Politifact is stupid propaganda and lies. I'm going to start my own fact-checking website, start out correctly telling truth from lies, and then just ideologically call everything (actually everyone more than everything) I disagree with lies.

Posted by: Anon | Sep 27, 2016 8:01:01 AM

If by "false" they mean at least partly true, and possibly entirely true, then yes, it is false.

Posted by: tim maguire | Sep 27, 2016 9:09:43 AM

So, accidental erase of government records is a get-out-of-jail-free card now? If only Nixon had known that.

Posted by: ThomasA | Sep 27, 2016 9:26:57 AM

Nixon was a Republican. The "dog erased my tapes/email" rule therefore did not apply to him.

Posted by: Timothy Kelly | Sep 27, 2016 12:03:00 PM

Nixon was a Republican, so the comparison is irrelevant.

Posted by: Mike Petrik | Sep 27, 2016 12:55:32 PM

Koskinen did not order the erasure of emails.

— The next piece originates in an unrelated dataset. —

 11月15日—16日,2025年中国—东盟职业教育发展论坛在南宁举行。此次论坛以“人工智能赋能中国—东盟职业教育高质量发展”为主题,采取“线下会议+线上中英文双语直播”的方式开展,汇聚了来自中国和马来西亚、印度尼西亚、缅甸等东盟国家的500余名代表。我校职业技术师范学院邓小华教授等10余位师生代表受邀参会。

That is the diputed fact, and it is uncontroverted. BTW, the 18.5 minute gap on Nixon's tapes were admittedly erased by Rosemary Woods. Accidentally.

Posted by: Publius Novus | Sep 27, 2016 1:56:10 PM

Mr. Fleming is wrong in the sense that Koskinen never ordered the destruction of emails. But as the Depty IG Mr. Camus testified, it was an "unbelievable set of circumstances."

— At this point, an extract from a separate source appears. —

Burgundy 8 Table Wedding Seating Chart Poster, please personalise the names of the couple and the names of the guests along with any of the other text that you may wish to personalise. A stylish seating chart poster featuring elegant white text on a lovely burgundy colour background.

- The Oversight Committee interviewed IT employees at the agency, where it found that IRS officials ignored recommendations to have hard drive (which crashed in 2011) sent to outside experts for processing.
- Experts who spoke with Congressional investigators said the data likely could have been recovered if Lerner's hard drive was merely scratched. Instead, IRS employees destroyed the hard drive.
- Koskinen did not inform Congress about the hard drive crash until June 2014 despite knowing since February 2014, as testimony from an IRS official showed.
- Koskinen said he didn't know before April 2014 and waited to tell Congress until he was sure the emails could not be recovered from backup tapes.
- IRS employees erased the backup tapes subsequent to the Chief Technology Officer's email directive (on May 22, 2013). TIGTA found that the "involved employees did not know about, comprehend or follow" this directive.

They apparently also didn't read the news, otherwise they'd have been aware of the Congressional subpoena, as well. Just a gut instinct. but I doubt government employees under investigation for malfeasance go out of their way to preserve subpoenaed documents.

But Mr. Camus was right, it is unbelievable. I see nothing that exonerates anybody at the IRS of incompetence worthy of termination at best, and intentional wrongdoing and obstruction of justice at worst.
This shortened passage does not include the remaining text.